Why the output changes if i put zero instead of the variable?-CodePudding

If you use the variable x instead of 0 the output will be Hello. If you use 0 the compiler will display a warning about dividing by zero. The code is below:

#include <stdio.h>

int main(int argc, char const *argv[])
{
    int x = 0;
    if (5 < 4 & (7 / x) == 0)
        puts("dividing by zero");
    else
    {
        puts("Hello");
    }
    return 0;
}

CodePudding user response：

5 < 4 is always 0, and 7 / x is an expression without visibile side-effects (defined by the standard as file IO or access to volatile variables, specific implementations may give wider guarantees); as that sub-expression is not required to compute the final result, the compiler is authorized to optimize it out.

The fact that in other contexts (when that operation is actually performed at runtime, or when it's fully known at compile time, as in your question) an equivalent expression may crash the program at runtime or give a compile time warning/error is allowed as well: division by zero is undefined behavior, so the compiler is allowed to do whatever it pleases (including assuming it won't happen when optimizing).

CodePudding user response：

The expression (5 < 4 & (7 / x) == 0) is parsed as

((5 < 4) & ((7 / x) == 0))

The problem is you have undefined behavior whether use x or 0 so anything can happen and the C Standard does not define what the compiler should do.
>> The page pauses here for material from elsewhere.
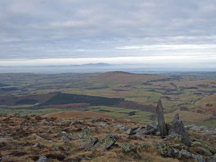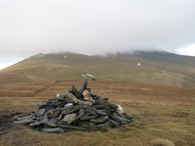 Little Man and Skiddaw both with their tops in cloud from Lonscale Fell's summit

Looking at the compiler output on godbolt.org, the behavior of the program differs for different compiles and different compiler options.

The compiler evaluates (5 & 4) as a constant expression with a value of 0. The right operand ((7 / x) == 0) does not have any observable side effects, besides the undefined behavior in 7 / x which by definition is undefined. If optimisations are enabled, the compiler seems to ignore the potential undefined behavior and determines at compile time that the whole expression has a value of 0. The test is therefore not taken and just the call to puts("Hello"); needs to occur.

If you replace x with its value 0, as the compiler evaluates the whole expression as a constant expression, it cannot ignore the fact that ((7 / 0) == 0) has undefined behavior so it generates a diagnostic, but seems to still ignore the undefined behavior, the whole expression still has a value of 0 so the same puts("Hello") is generated.

Undefined behavior is undefined, so assuming it just produces some value is legitimate and 0 & some_value is 0, which makes the test always take the else branch.

If you disable the optimisations, the code generation changes and the division by 0 either occurs with whatever side effects (a signal is raised on x86 processors) or some other weird side effect occurs (such as the expression becoming always true with clang -O0).